Dihexa is a small angiotensin IV-derived molecule discussed in peptide markets because of nootropic and neurotrophic claims. It is not a conventional short peptide protocol with a clinical-use pathway.

Brain health Neuroaging biology
Tier E
Evidence Limited
Safety High Caution
FDA status Not Approved
Last reviewed June 22, 2026 25 citations How to read these labels

What is Dihexa?

Dihexa is a small angiotensin IV-derived molecule discussed in peptide markets because of nootropic and neurotrophic claims. It is not a conventional short peptide protocol with a clinical-use pathway. [1][2][4]

The key evidence issue is credibility.
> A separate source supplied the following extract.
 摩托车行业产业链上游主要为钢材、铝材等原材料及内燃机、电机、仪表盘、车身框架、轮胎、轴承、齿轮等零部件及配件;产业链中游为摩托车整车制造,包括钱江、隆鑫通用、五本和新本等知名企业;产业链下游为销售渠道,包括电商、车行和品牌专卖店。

A prominent HGF/c-Met mechanism paper tied to Dihexa was retracted, and the related prodrug fosgonimeton has not produced a clean disease-modifying win in Alzheimer disease development. [1][2][4]

Those facts do not prove Dihexa has no biology, but they sharply lower confidence in broad cognitive-enhancement claims. [1][2][4]
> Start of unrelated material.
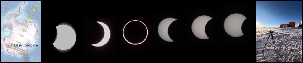 L’éclipse de soleil annulaire du 17 février 2026: A gauche: Trajet de l’éclipse (Crédits: Michael Zeiler/EclipseAtlas); Centre: Montage de photos de l’eclipse prise depuis la base Antarctique de Concordia (Crédits: PNRA/IPEV/A. Traverso); Droite: Installation à Concordia (Crédits: PNRA/IPEV/S. Gaier)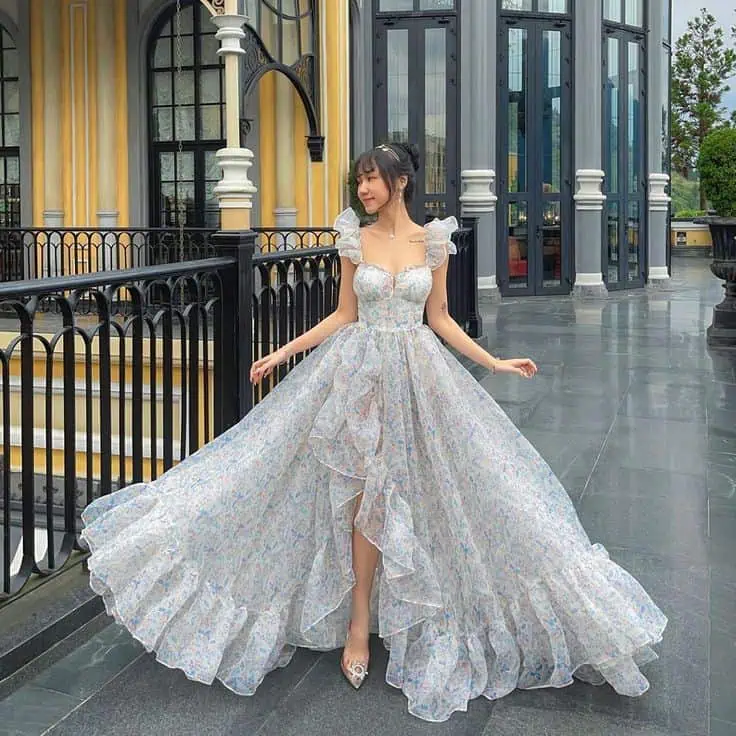 A flowing floral gown combines romance with comfort, featuring ruffled cap sleeves and a high-low hemline. The fitted bodice ensures a flattering fit while allowing free movement, perfect for a magical, dreamy prom look.

What Dihexa is investigated for

Dihexa evidence is grouped by practical use case and oral route context. Each use case separates confidence, human evidence, animal or mechanistic support, and the practical takeaway.

Cognitive enhancement

Oral

24% Limited

Cognitive enhancement remains a preclinical signal and needs retraction-aware, replication-focused framing. [1][3][7]

Human evidence

No controlled human Dihexa cognition trial is established in the cited literature. [1][3][7]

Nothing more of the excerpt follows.